However, I plotted the results and found the resulting seasonality curve quite unsmooth, very different from the seasonal distribution of precipitation we usually see. Sorry it seems I cannot upload an image. I wonder if you can give any suggestions.

Thank you

• Jason Brownlee December 20, 2019 at 1:04 pm #

Perhaps try working on less data?
Perhaps try additive and multiplicative relationships and compare?
Perhaps try modeling the seasonal and trend structure manually and compare?

• Yuan December 24, 2019 at 1:55 pm #

Thanks for your reply. But how to model the seasonal and trend structure manually?

• Jason Brownlee December 24, 2019 at 4:58 pm #

A linear model can capture the trend, a polynomial model can capture the seasonality.

I give examples of both on the blog. Try a blog search.

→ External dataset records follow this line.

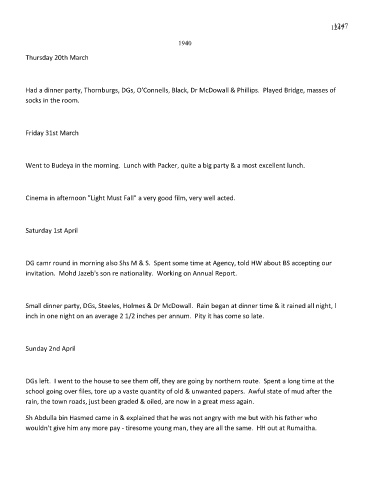 Small dinner party, DGs, Steeles, Holmes & Dr McDowall. Rain began at dinner time & it rained all night, l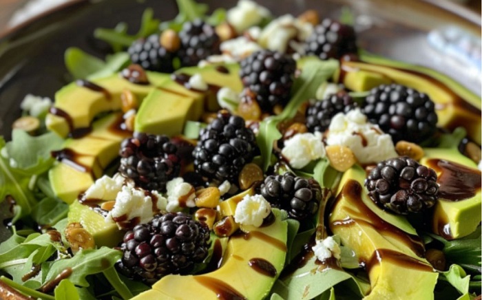 1. En un tazón grande, combina la rúcula, las moras, el aguacate y la cebolla morada.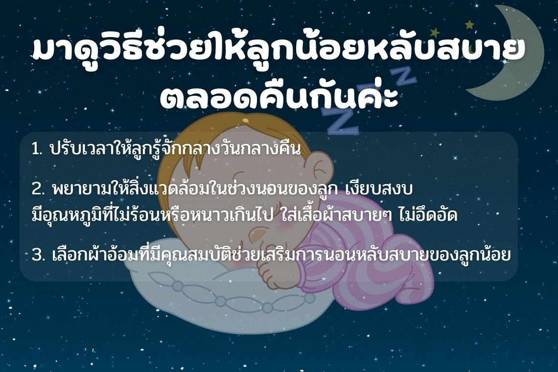 มาดูวิธีช่วยให้ลูกน้อยหลับสบายตลอดคืนกันค่ะ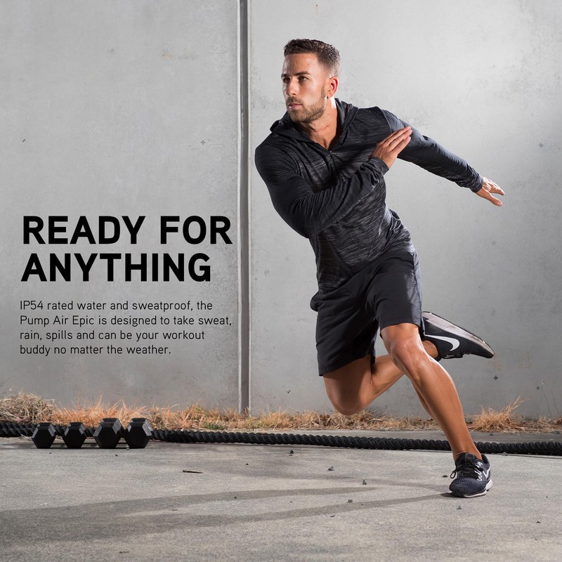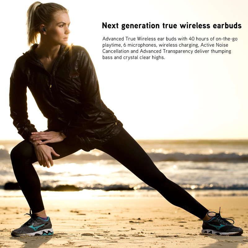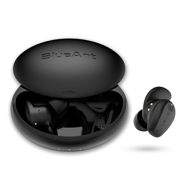 BlueAnt Pump Air Epic True Wireless Earbuds, Active Noise Cancellation, 40 Hours Playtime, Black/White (Black)

40. Rensky Picco December 21, 2019 at 5:19 am #

Hi Jason thankyou for posting this!
I’m sorry I cant understand completely because english is not my main language,

But I want to know when do I have to choose between multiplicative decomposition or additive decomposition? what is the difference about those ?

• Jason Brownlee December 21, 2019 at 7:17 am #

They make different assumptions about how the trend and seasonality interact with the underlying signal.

Perhaps try both and compare the results?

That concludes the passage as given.